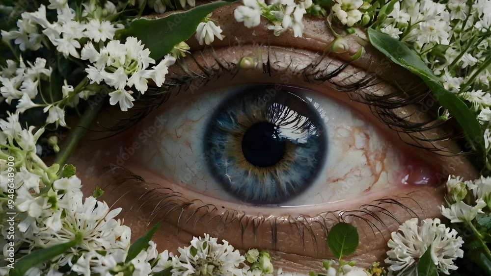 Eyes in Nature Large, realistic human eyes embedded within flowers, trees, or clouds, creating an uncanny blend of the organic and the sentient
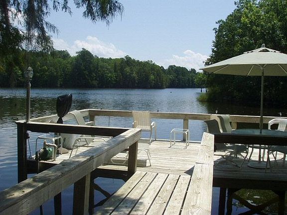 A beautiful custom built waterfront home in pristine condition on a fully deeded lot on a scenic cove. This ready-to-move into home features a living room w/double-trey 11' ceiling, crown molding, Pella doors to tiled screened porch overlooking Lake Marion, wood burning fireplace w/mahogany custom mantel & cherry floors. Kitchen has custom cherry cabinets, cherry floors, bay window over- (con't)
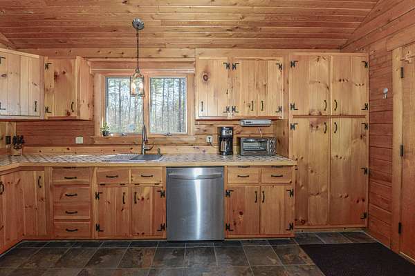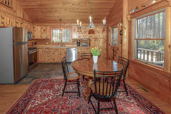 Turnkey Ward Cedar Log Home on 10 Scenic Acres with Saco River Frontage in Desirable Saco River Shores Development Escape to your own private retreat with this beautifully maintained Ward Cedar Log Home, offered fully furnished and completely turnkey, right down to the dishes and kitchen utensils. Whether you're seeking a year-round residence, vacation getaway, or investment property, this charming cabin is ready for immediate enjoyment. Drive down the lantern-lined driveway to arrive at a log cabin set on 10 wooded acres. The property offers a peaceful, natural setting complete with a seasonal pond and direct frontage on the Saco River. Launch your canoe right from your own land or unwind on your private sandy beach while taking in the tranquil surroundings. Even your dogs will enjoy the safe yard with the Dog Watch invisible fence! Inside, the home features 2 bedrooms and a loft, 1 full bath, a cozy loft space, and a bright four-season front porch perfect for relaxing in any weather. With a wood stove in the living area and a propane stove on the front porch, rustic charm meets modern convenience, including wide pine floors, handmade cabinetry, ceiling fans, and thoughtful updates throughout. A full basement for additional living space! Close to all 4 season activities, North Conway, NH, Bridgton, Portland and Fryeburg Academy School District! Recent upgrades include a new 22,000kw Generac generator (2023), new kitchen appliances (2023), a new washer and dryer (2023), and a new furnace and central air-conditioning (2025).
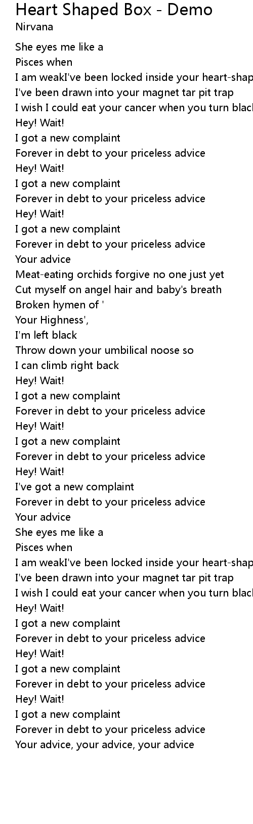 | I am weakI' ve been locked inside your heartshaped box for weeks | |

- **What you need to do**:
Exact repetition is the task: every line from the start of the data to the line with "A beautiful custom", inclusive, and none after it, pictures omitted.

- **Your solution**:
 Eyes in Nature Large, realistic human eyes embedded within flowers, trees, or clouds, creating an uncanny blend of the organic and the sentient
 A beautiful custom built waterfront home in pristine condition on a fully deeded lot on a scenic cove. This ready-to-move into home features a living room w/double-trey 11' ceiling, crown molding, Pella doors to tiled screened porch overlooking Lake Marion, wood burning fireplace w/mahogany custom mantel & cherry floors. Kitchen has custom cherry cabinets, cherry floors, bay window over- (con't)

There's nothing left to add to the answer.